Weinstein has unwittingly exposed a shameful, gaping hole in the strength of our global sisterhood. But his crimes aside, we all know that unsupportive, venomous interactions between women occur as a low-level part of everyday life. An anonymous bitchy tweet, sharing a malicious Daily Mail article, not reaching out when someone is in need. We’ve become hardened and habituated to it because it’s all so commonplace. Although there are factions of true female to female encouragement and compassion within society, there is still a broad instinct to step back and watch our sisters flounder, given the opportunity.

Making an effort to grasp at kindness as a first response to all people we encounter, particularly women, whose experiences we can identify with is a first step to resetting our damaged sisterhood. It’s how we overcome fear and pain and feeling alone. Our current condition might be worrying but it’s not impenetrable and can be placated with just a little more gentleness, understanding and empathy.

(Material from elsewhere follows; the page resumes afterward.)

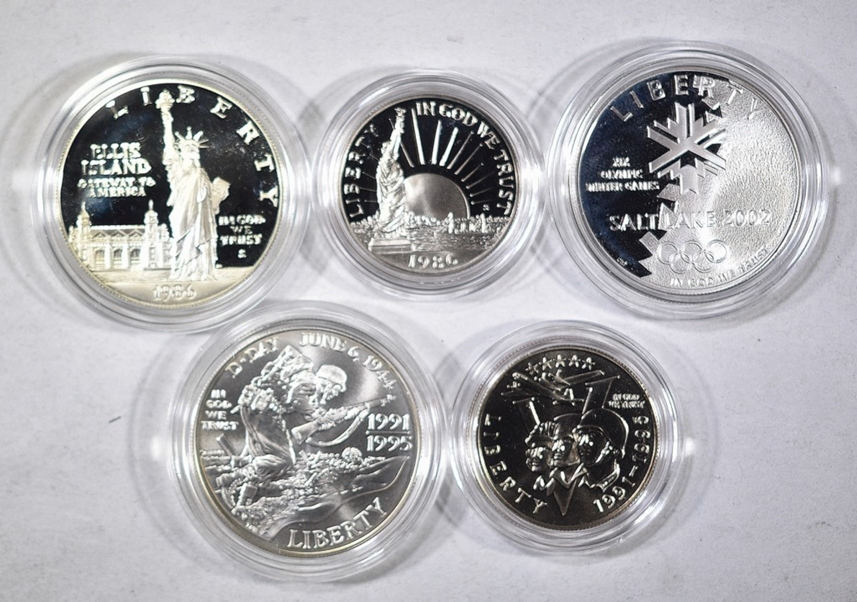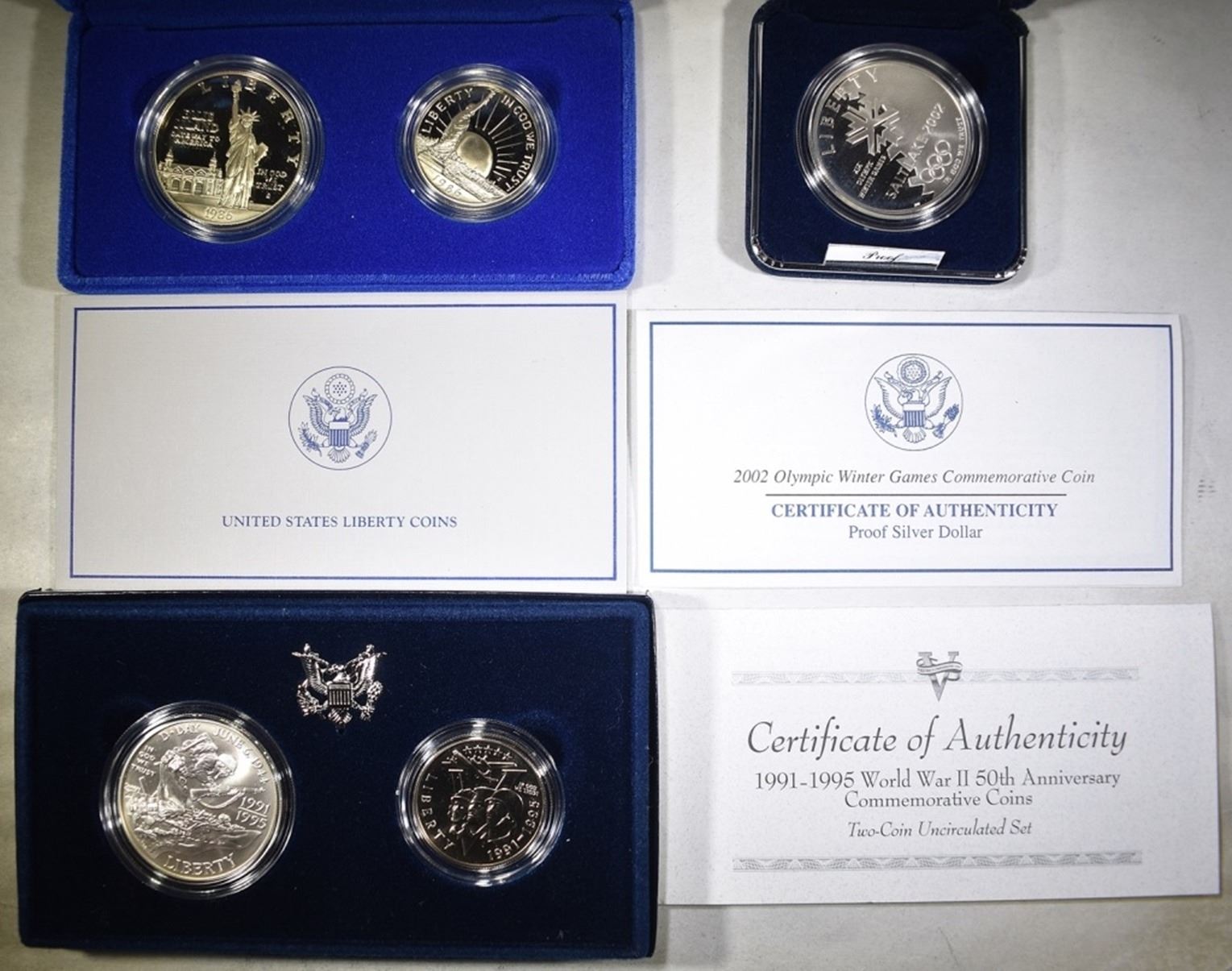 2002 SALT LAKE OLYMPICS PROOF DOLLAR, 1986 STATUE OF LIBERTY 2-COIN PROOF SET & 1993 WWII UNC 2-COIN SET ESTIMATE $85 - $100.

Although Weinstein’s savagery has exposed some of the murkiest facets of human nature, I hope that in the coming months and years as investigations continue and incidences like this are better understood we begin to see some light through the gloom – softer, more sympathetic reporting towards the victims, invigorated support of their decisions to come forward and share their experiences and a greater sense of solidarity between women. Because occasionally a prompt is necessary, no matter how horrific, to remind us of what’s most important.